Though these words have gone through a significant and largely effective reclamation, they aren't all accurate representations of everyone's identity. Unfortunately, some overzealous reclaimers attempt to ascribe their reclaimed slur to everyone wholesale. As if the oppression they faced though a particular word is the same and carries the same significance for everyone. This happened most flagrantly with the reclamation of word “slut” and was met with well worded and very warranted resistance:
What becomes an issue is those white women and liberal feminist women of color who argue that “slut” is a universal category of female experience, irrespective of race. -Crunk Feminist Collective
The messy reclamation of “slut” assumed that everyone would be able to find the same power and recognition with the new definition. There's a lesson to be learned here for those of us making efforts  to reclaim slurs.
In order to avoid erasing or minimizing other marginalized individuals we the need to keep our expectations localized to our own lexicons. We need to realize that we can't magically change people's hearts, minds, and histories with our shiny new intentions. We can't expect even some of our political allies to use or accept language in the way we envision. Because, whether we acknowledge it or not, trying to get others that others think of words in the way that we do it is an enforcement of cultural supremacy.

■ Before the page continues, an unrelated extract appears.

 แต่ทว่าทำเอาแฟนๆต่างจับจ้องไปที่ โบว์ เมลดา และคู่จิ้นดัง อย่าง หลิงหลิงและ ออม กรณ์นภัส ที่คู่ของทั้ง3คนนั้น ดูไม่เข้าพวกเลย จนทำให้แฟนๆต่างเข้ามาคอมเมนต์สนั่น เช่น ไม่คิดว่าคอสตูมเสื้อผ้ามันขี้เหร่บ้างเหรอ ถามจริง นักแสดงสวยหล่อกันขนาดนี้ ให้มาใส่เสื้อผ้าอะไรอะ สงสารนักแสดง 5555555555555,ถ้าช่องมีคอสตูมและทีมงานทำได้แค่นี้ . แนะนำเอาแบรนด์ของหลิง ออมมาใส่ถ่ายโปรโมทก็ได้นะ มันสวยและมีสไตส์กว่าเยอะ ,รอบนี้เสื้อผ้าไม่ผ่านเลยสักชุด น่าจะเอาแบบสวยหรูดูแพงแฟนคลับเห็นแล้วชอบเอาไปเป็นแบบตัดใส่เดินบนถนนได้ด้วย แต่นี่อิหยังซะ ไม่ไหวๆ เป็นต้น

Some reclamation efforts have been too impatient, demanding that people immediately see a particular word differently than they have their whole lives. We need to respect the problematic nature of the words we choose to reclaim. Impatient language reclamation not only ignores both the lived cultural contexts others may have for a word, it also completely ignores the subtle nature of language itself.

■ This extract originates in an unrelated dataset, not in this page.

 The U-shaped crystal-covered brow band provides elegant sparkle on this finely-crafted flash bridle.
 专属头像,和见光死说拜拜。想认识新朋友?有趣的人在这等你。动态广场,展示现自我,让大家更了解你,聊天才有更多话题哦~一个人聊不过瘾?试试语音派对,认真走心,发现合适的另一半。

Language and culture affect each other. Both are fluid and change, seemingly imperceptibly from year to year. Language and the cultural consciousness are generally slow to shift. I believe that a conscious, minimal, but consistent resistance to the problematic way in which some words are currently used can have some harm-reducing effect. But I try not to get too specific with my vision of "what this word should mean".
Language reclamation isn't about changing people's minds suddenly with a logical argument. It's not an activist effort you can "win" at. There are no significant victory points to be claimed. Your goal should never be for people to think exactly like you, only that they begin to think differently about the way a particular piece of language is used.
What we can do is ask to be recognized with the words we deem the most appropriate. Doing anything more than this runs the risk of erasing or minimizing other communities' history and current culture surrounding those words.
I don't want people who have painful histories and associations with "fag" to give those up. Those histories and associations belong to them. What I do want is to build a future where the word "fag" and the effeminate/nontraditional masculinities it represents are talked about without shame and hatred.